The appellee was injured in a motor vehicle collision on August 18, 1978, and filed suit against the driver of the other vehicle on August 15, 1980. Service of a second original complaint was perfected on the appellant, her uninsured motorist carrier, on December 9, 1980, almost 28 months after the collision. The appellant moved to dismiss, contending the suit was barred by the statute of limitation. The trial court denied the motion based in part on a finding that the appellee had been unaware that the other driver was uninsured until after the statutory period had expired, and in part on a determination that the cause of action had not arisen until May 23, 1980, the date on which her medical expenses exceeded the $500 threshold amount required for recovery under the provisions of Code Ann. 56-3410b. We granted appellant's application for an interlocutory appeal from the denial of the motion to dismiss. Held:
1. Code Ann. 3-1004 requires that actions for injuries to the person "shall be brought within two years after the right of action accrues. "The uninsured motorist carrier is not a defendant as such in this litigation. Under the statute, it is entitled to notice of the pendency of the action 'as though . . . named as a party defendant' (Code Ann. 56-407.1 (d)) because of its potential liability under its insurance policy. Thus, while not actually a defendant, though it could defend the case in its own name, the uninsured motorist carrier has a strong financial interest in the litigation. As such, it is entitled to notice of the pendency of the action on the same basis as though a defendant." Vaughn v. Collum, 136 Ga. App. 677, 679 (222 SE2d 37) (1975).
Applying Georgia law in a factually similar case, the Fifth Circuit Court of Appeals, in White v. Wright, 566 F2d 990 (5th Cir. 1978), held that because the plaintiff had not even attempted to serve the uninsured motorist carrier until almost five months after the statute of limitation had run, subsequent service on the carrier did not relate back to the date of filing the complaint against the individual defendant. Assuming without deciding that the amendment provisions of Code Ann. 81A-115 (c) apply where an insurance carrier is brought into an action by service of a second original, there is no suggestion that the provisions of that code section have been fulfilled in this case.

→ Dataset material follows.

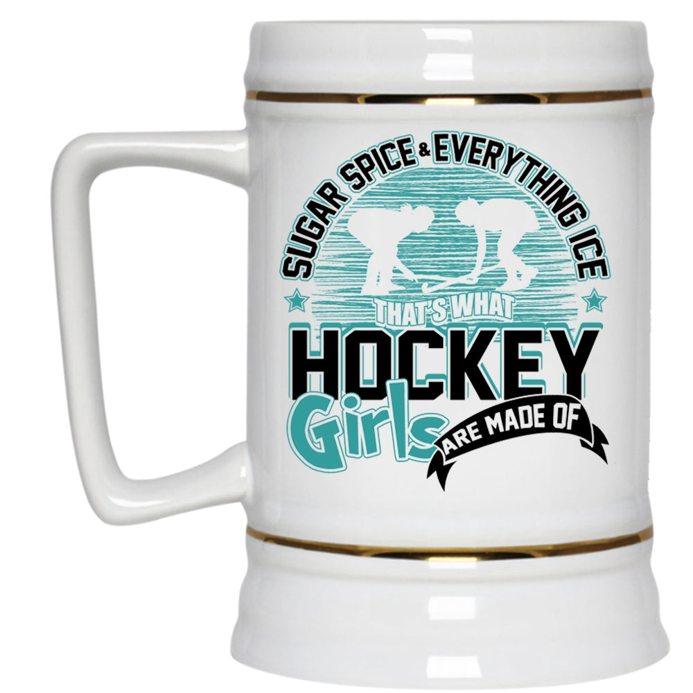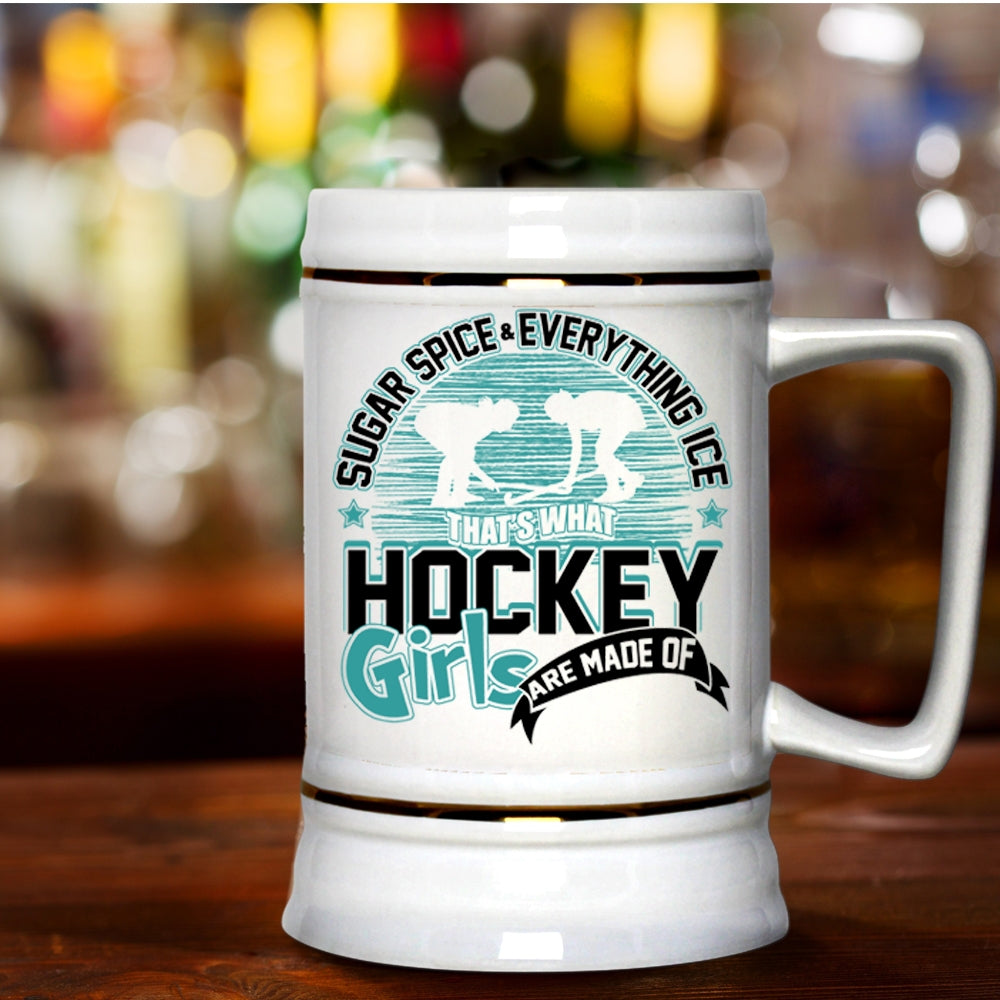 What Hockey Girls Are Made Of Beer Stein 22oz, Sugar Spice And Everything Ice Beer Mug

The language of the statute is as follows: "An amendment changing the party against whom a claim is asserted relates back to the date of the original pleadings if the foregoing provisions are satisfied, and within the period provided by law for commencing the action against him, the party to be brought in by amendment (1) has received such notice of the institution of the action that he will not be prejudiced in maintaining his defense on the merits, and (2) knew or should have known that, but for a mistake concerning the identity of the proper party, the action would have been brought against him." From the trial court's order, it appears that the appellee herself was unaware that the defendant tortfeasor was uninsured until after the statute had run, and there is no evidence which would authorize a conclusion that the appellant knew or should have known more about the situation than she. The appellant was entitled to plead the bar of the statute of limitation as a defense. Accord Moulden Supply Co. v. Rojas, 135 Ga. App. 229 (217 SE2d 468) (1975); White v. Wright, supra.

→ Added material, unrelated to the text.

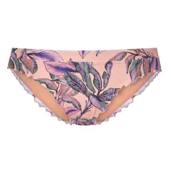 Die Bikini Hose Tropical Blush von Beachlife ist mit einem sommerlichen Palmenmuster auf einem rosa Hintergrund erhältlich. Die Bikini Hose hat Rüschen an den Beinausschnitten, was einen spielerischen Effekt ergibt. Kombinieren Sie mit einem der Oberteile aus der Tropical Blush Kollektion.

2. We next consider the trial court's ruling that the appellee's cause of action did not arise until she crossed the "serious injury" threshold requirement of medical expenses exceeding $500. See Code Ann. 56-3410b and 56-3402b (j). Assuming arguendo that the $500 "no-fault" threshold is applicable to uninsured motorist claims, we hold that it does not affect the date on which the cause of action arises. A contrary ruling would effectively repeal that statute of limitation in automobile accident cases, or would at least give the plaintiff inordinate flexibility in determining when the cause of action arose. The appellee's cause of action arose on the date of the collision in which her injuries were sustained. See Everhart v. Rich's, Inc., 229 Ga. 798 (2) (194 SE2d 425) (1972); Carroll County Gas Co. v. Parker, 126 Ga. App. 27 (1) (189 SE2d 913) (1972); Dowling v. Lester, 74 Ga. App. 290 (2) (39 SE2d 576) (1946).
Richard A. Brown, Jr., for appellant.